I was in the kitchen unpacking groceries when it happened. I just returned from the local Whole Foods, where I normally shop for my fruit and vegetable needs. I laid my car keys and brown grocery bags down on the granite countertop and kicked off my shoes to get comfortable.

I like to unpack my bags immediately, so I went right at it and reached into the first brown grocery bag to grab my favorite snack, grapes. They’re in a large plastic bag with the word ORGANIC strewn across the front, which always seems odd to me because grapes should be by definition organic, but nonetheless I decide to sample a few of the fruits anyways. I reached into the plastic sack and tore three grapes off the vine. As I pulled my hand out of the bag, I noticed a tiny black spider scurrying across the grapes and onto my hand. Nope.

My first reaction, like many others, is to immediately scream and panic. I toss the grapes out of my hand in defense and try to swat off the spider, but it’s already made its way to the back of my hand. At this point I just want it off me, so I decide to give it a quick swat with my left hand. It’s a direct hit, leaving the small arachnoid reeling on the ceramic tile floor. I watch as it scurries across the tile, finding its way to a cracked vent in the floor. As it rounds the corner, I finally notice a little red hourglass across its abdomen, a tell-tale sign of the common North American black widow.

I remember studying these tiny creatures in high school. The species is named after the notorious female black widow, who feasts on the head of her male counterpart after reproduction, leaving her as a widow. They also have a very venomous bite that, in females, releases an extremely potent dose of their signature poison, latrotoxin.

Now I notice I’m starting to feel faint. I look down at my hand and notice a small red bump along the ridges of my index and middle fingers. Oh snap.

I don’t remember much of what happened after that. Fear had completely taken over my body. All I could think to do was go to the hospital, so I grabbed my keys and ran to my car. I don’t even remember driving there. My only thought was “I’m going to die… just one little bite from this little black spider is going to kill me.” 

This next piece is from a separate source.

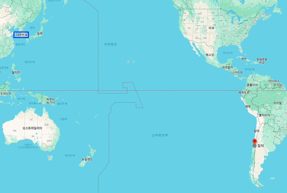 대한민국 기준으로 칠레까지의 거리는 약 18,265km이며, 시차는 대한민국이 13시간 빠릅니다.

I could feel myself getting weaker by the second, with the powerful toxin likely pulsing through my veins and into my vital organs. I remember reading somewhere that the adult female’s toxin can kill a full grown man, and immediately the panicking heightens. “I’m going to die… I’m going to die,” I keep repeating to myself. My narcissistic thoughts are hardy helping, but they at least keep me awake long enough to know I am parked outside the ER entrance.

I awake to a nurse changing my sheets, humming the song “Black Widow” by Iggy Azalea.

“I’m alive!” I weakly exclaim, overjoyed that I’d made it through the night.

The nurse looked at me, puzzled.


“Of course you’re alive, sweetheart,” she said. “It was only a spider bite.”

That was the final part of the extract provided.